After conditioning on the field behind the third-base stands, A-Rod returned to the clubhouse, went to the players' lounge and then to the weight room. He showered and dressed, then left without commenting on his day other than to say, "Talk tomorrow."

Jeter said he maintained his respect for Rodriguez, and he hoped Wednesday would be the last time people questioned him about Rodriguez's admission. Ever since A-Rod joined the Yankees in 2004, Jeter has had to face questions about his friendship with his former rival, which deteriorated after a 2001 Esquire article in which A-Rod made critical remarks.

"I get tired of hearing about things about our relationship," Jeter said. "That's an old story."

Others in baseball were ready to turn the page on the A-Rod saga.

"I was disappointed just like every fan," St. Louis Cardinals slugger Albert Pujols said on Wednesday. "Everybody in the sport was disappointed about what A-Rod did in 2001 to 2003. But you know, don't judge him by what he did, like he said [Tuesday], don't judge him by what he did in the past, just judge him by what is happening right now. When he shows up in spring training, like he did yesterday, see what he's going to do from now on with his life."

Pujols understands the damage that Rodriguez's revelation has caused, however.

"I know a lot of kids are that are hurt right now because A-Rod was one of their heroes," he said. "All you can do is turn the page and just move on."

Former Yankees and current Dodgers manager Joe Torre thinks that A-Rod will be helped to move on by the Yankee family, as evidenced by Jeter's support.

Torre wasn't surprised by the commotion in Tampa, Fla., or that Rodriguez was supported by a large contingent of teammates.

"For New York, it's run-of-the-mill stuff," Torre said Wednesday. "I don't want to make light of it, but as far as distractions and stuff going on in spring training and during the season, it's what happens there on a regular basis.

"I just know how important his baseball is to Alex. I hope he handles it all right. It's all uncharted waters right now. I know one thing, and it's evidenced by how many players and staff were there -- that's what the Yankees are all about. That will help him more than anything else."

But Rodriguez will also stand in a little brighter spotlight.

"Everything is different because it's Alex," Torre said. "I told him a few years ago life is unfair to you in a lot of ways because the expectations are so high. I certainly didn't have this in mind when I was telling him that. But he's a big boy, and he's certainly called attention to himself by the way he's played the game and how much money he makes.

"The rest of the stuff has to go with that."
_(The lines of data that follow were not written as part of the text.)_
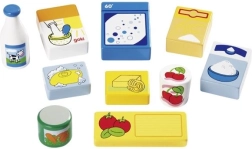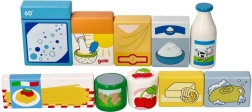 Barvni leseni kosi spominjajo na vsakdanja živila (mleko, testenine, žitarice idr.) in otroke spodbujajo k naravnemu učenju skozi igro.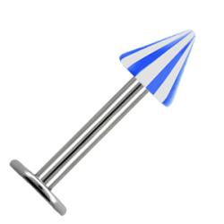 Ajak piercing, csíkos sötétkék acryl tüskével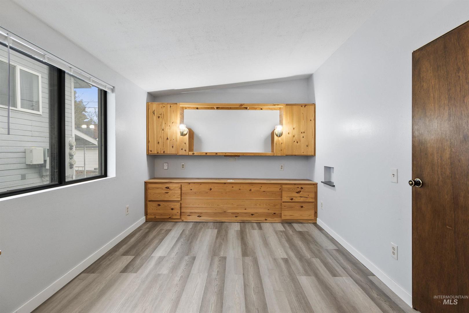 This two-bedroom home sits on one level and is in great condition both inside and out. Enter the living room and be one of the first to walk on the new vinyl-plank floors while being flooded with natural light from the large windows. There are two bedrooms; the smaller one makes a perfect office, nursery, or guest room. The master is spacious with built-in cabinetry and lots of space. The Kitchen has plenty of storage, space for your culinary and other projects, and a custom wood backsplash. Got projects? This house has lots of room in the 2-car alley-loaded garage with a full 3rd bay for tools, toys, or storage. The storage space doesn`t end there; there`s even a storage shed in the yard! Zoned Residential Office (RO) in the City of Moscow, this location is ready to go; convert the garage into a 2nd living space, or you could use the house as an office with great visibility. This property is a great investment for a multitude of reasons, and especially because of the great modularity that RO zoning allows for permitted uses in addition to single family homes also, offices, apartments, daycare, health care, storage, and so many more uses. Affordable and ready to move into, this property is a great investment with a ton of options for now and in the future!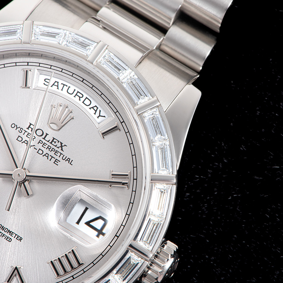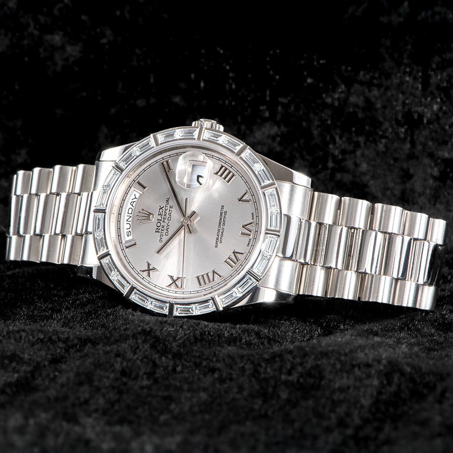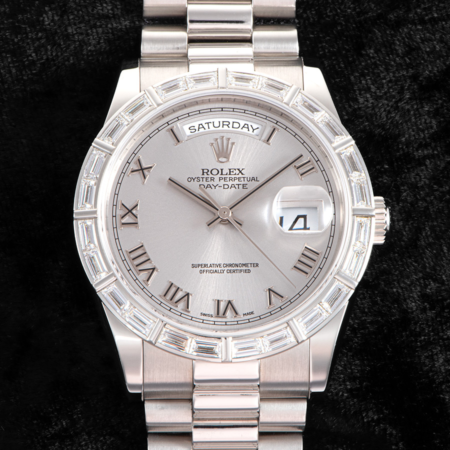 文字盤はグレー仕上げのほか、プラチナモデル専用のアイスブルーダイヤル仕様も存在し、クラシックなローマンインデックスやダイヤモンドインデックスを組み合わせたバリエーションが展開される。12時位置の曜日表示と3時位置の日付表示はデイデイトの象徴的意匠であり、バゲットダイヤモンドの輝きとともに端正な表情を作り上げている。36mmのケースサイズは控えめでありながら、華やかさと風格を兼ね備え、強い存在感を示す。

Matsui, recovering from left knee surgery on Sept. 22, will be limited to DH during spring training, Girardi said. Matsui won't start running until next week. ... Switch-hitting Teixeira will bat third and be followed by Rodriguez, with the left-handed-hitting Matsui a possibility for the No. 5 slot. "You got one of the best players in the history of baseball hitting behind you, I think you're going to get some good pitches to hit," Teixeira said. ... 2B Robinson Cano reiterated that he will play for the Dominican Republic in next month's World Baseball Classic. Melky Cabrera, competing with Brett Gardner to play center, will not play for the DR and RHP Alfredo Aceves will not play for Mexico.

Information from The Associated Press was used in this report.